The problem — Nothing but the lines from the one that holds "A recycling plant" through the end of the material should be repeated, each exactly as it stands, and pictures stay out.

------ Exercise inputs ------

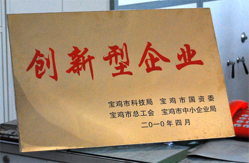 日前,在寶雞市召開(kāi)的“2010年科技工作暨重大科技項(xiàng)目評(píng)審會(huì)議”上,我公司等12家企業(yè)被命名為寶雞市創(chuàng)新型企業(yè)稱號(hào),并受到表彰。標(biāo)志著該公司的創(chuàng)新能力走在全國(guó)同行業(yè)前沿,對(duì)于進(jìn)一步增強(qiáng)企業(yè)的創(chuàng)新能力,培育知名品牌,增強(qiáng)企業(yè)的競(jìng)爭(zhēng)力起到了積極的促進(jìn)作用。
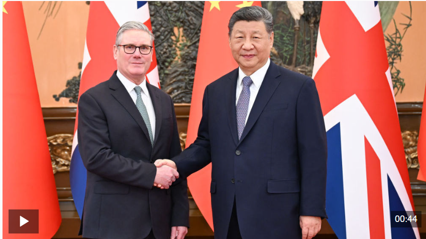 1月29日上午,國家主席習近平在北京人民大會堂會見來華進行正式訪問的英國首相斯塔默。
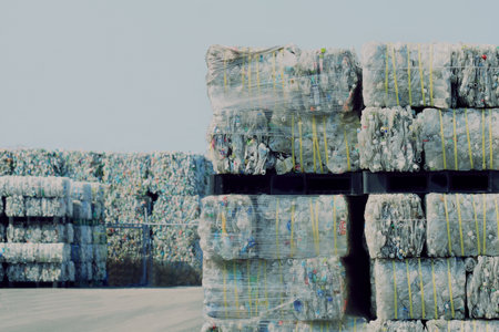 A recycling plant with stacks of compressed aluminum cans, ready for repurposing.
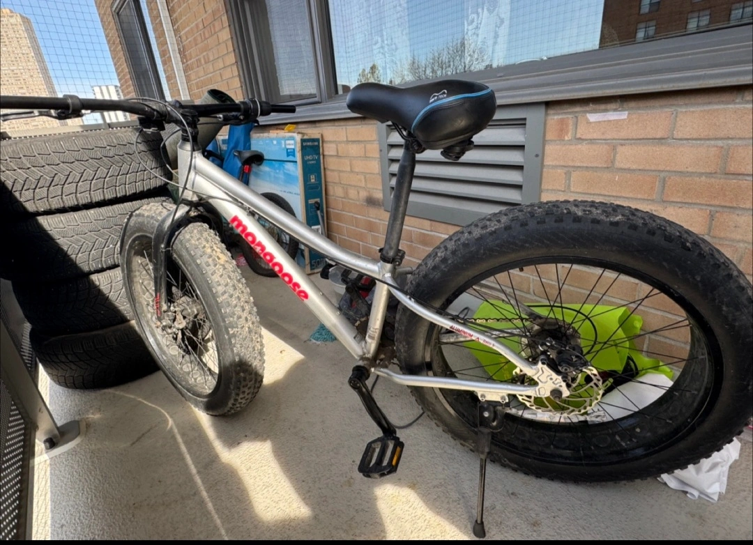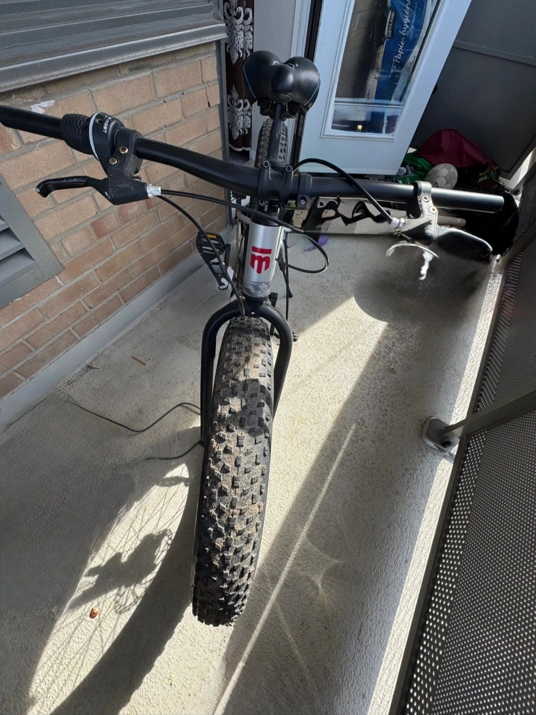 A great bike with thick tires. Perfect for leisurely rides on trails. The bike features a sturdy frame, disc brakes, and a comfortable seat. Perfect for someone who is Under 5'7". New tire. fully safetied and ready to ride
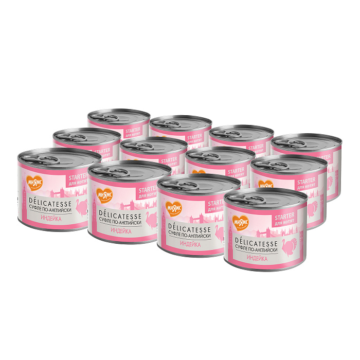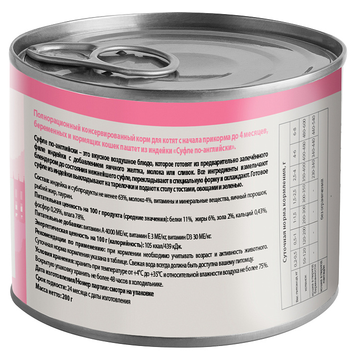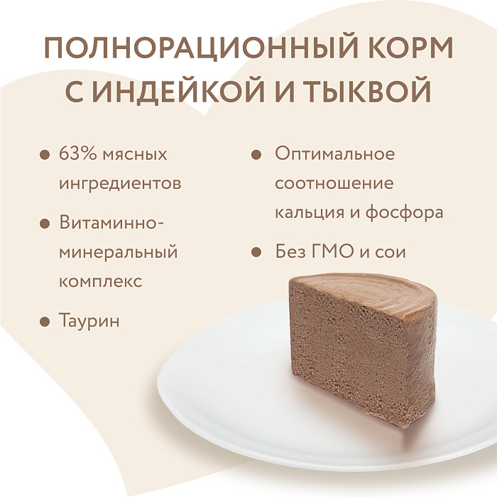 Состав: индейка и субпродукты не менее 63%, молоко 4%, витамины и минеральные вещества, яичный порошок, рыбий жир, таурин.
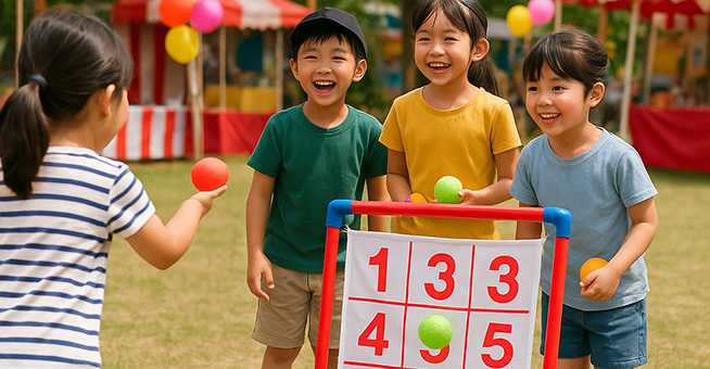 ストラックアウトやキックターゲットやバドミントン、昔懐かしの竹馬やけん玉まで様々な遊びアイテムが揃っています。

------

Reply —
 A recycling plant with stacks of compressed aluminum cans, ready for repurposing.
 A great bike with thick tires. Perfect for leisurely rides on trails. The bike features a sturdy frame, disc brakes, and a comfortable seat. Perfect for someone who is Under 5'7". New tire. fully safetied and ready to ride
 Состав: индейка и субпродукты не менее 63%, молоко 4%, витамины и минеральные вещества, яичный порошок, рыбий жир, таурин.
 ストラックアウトやキックターゲットやバドミントン、昔懐かしの竹馬やけん玉まで様々な遊びアイテムが揃っています。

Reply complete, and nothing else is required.